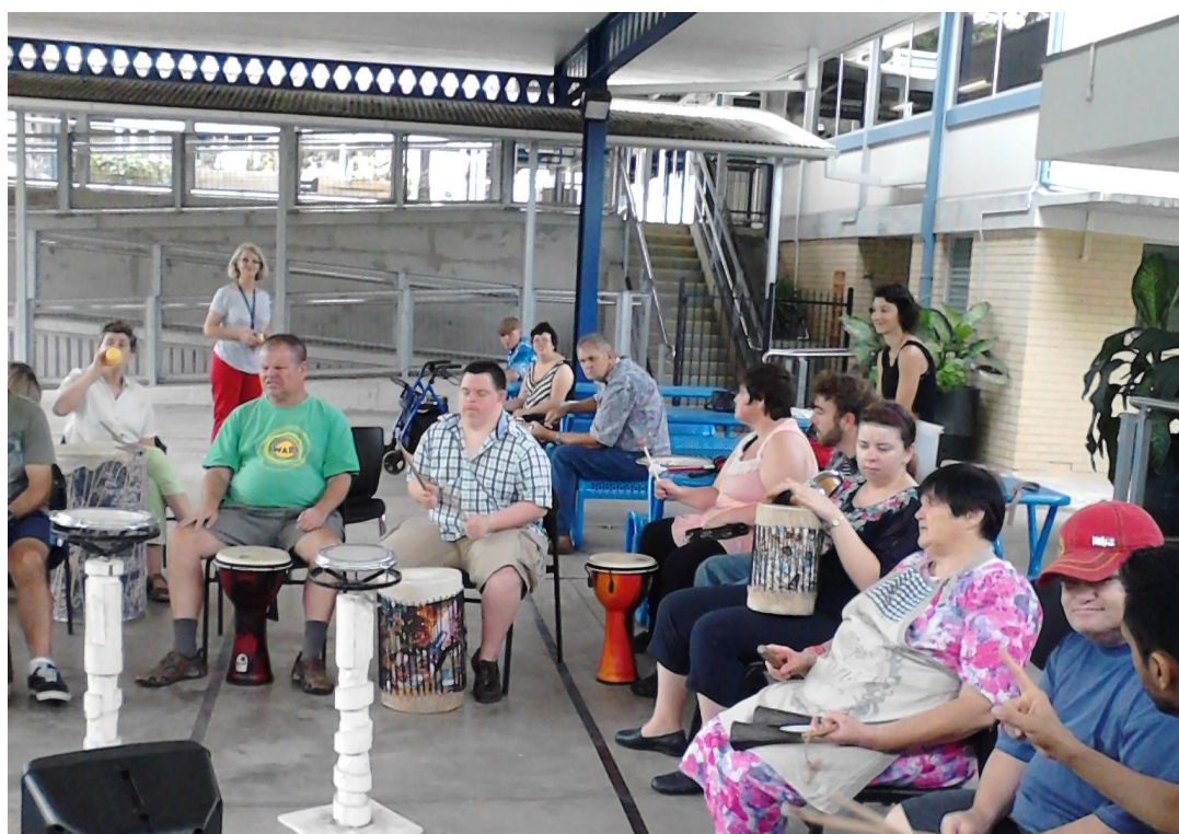
Drumming Workshop earlier this year
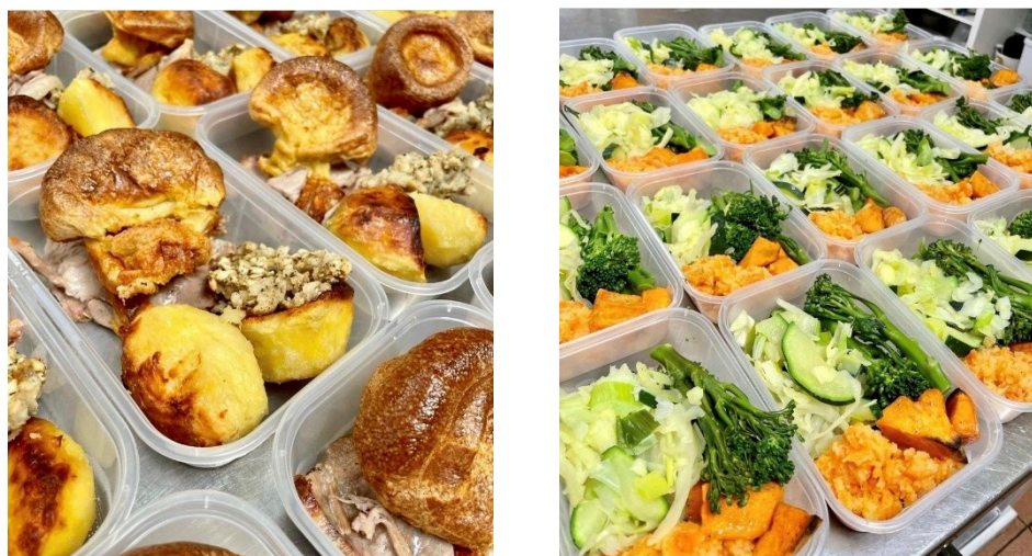
Sunday lunch for our Meal Delivery Service Customers.

Our Christmas Lunch did not take place in December 2021 but we are pleased to report we did do it in December 2022 and there will be more about it in next year's annual report.
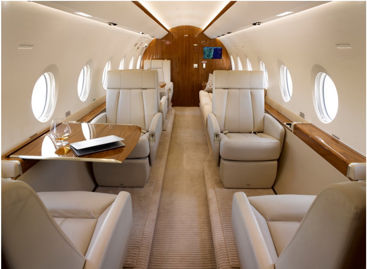
CABIN FWD CLUB SEATING

2016 Gulfstream G280 Serial G280-2101 VP-BRJ
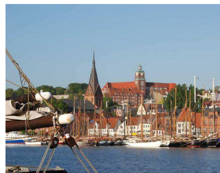
Tourismus- Information Glücksburg
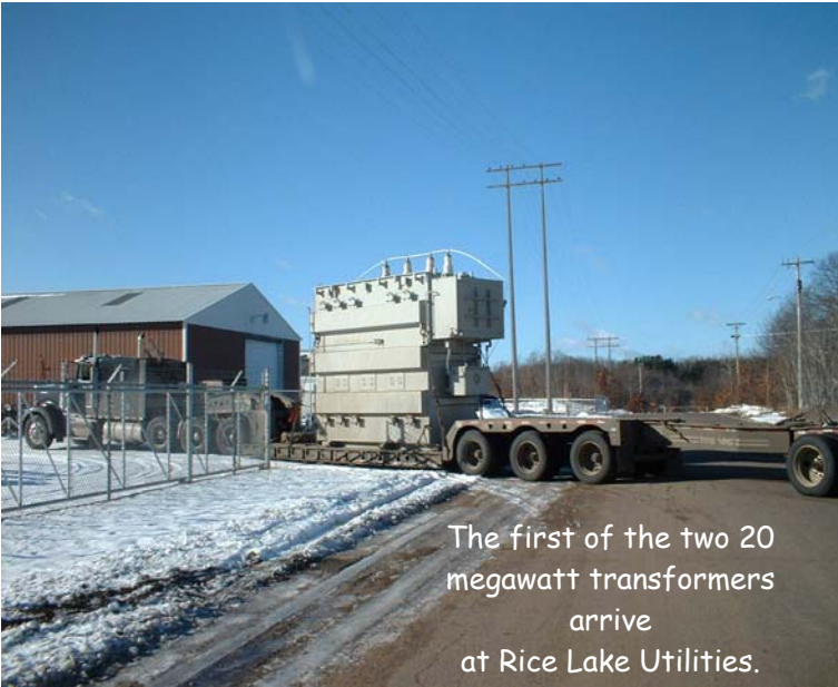
The first of the two 20 megawatt transformers arrive at Rice Lake Utilities.
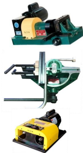
Model 50 PowerFlare
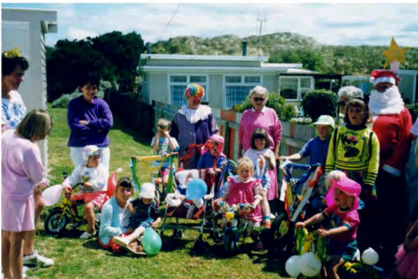
Xmas Parade 1991

========================================================================

■ Exercise description ■
Could you write out exactly the lines from the line containing "The first of" to the end of the material, and nothing else? No pictures belong in the copy.

■ Task response ■
The first of the two 20 megawatt transformers arrive at Rice Lake Utilities.
Model 50 PowerFlare
Xmas Parade 1991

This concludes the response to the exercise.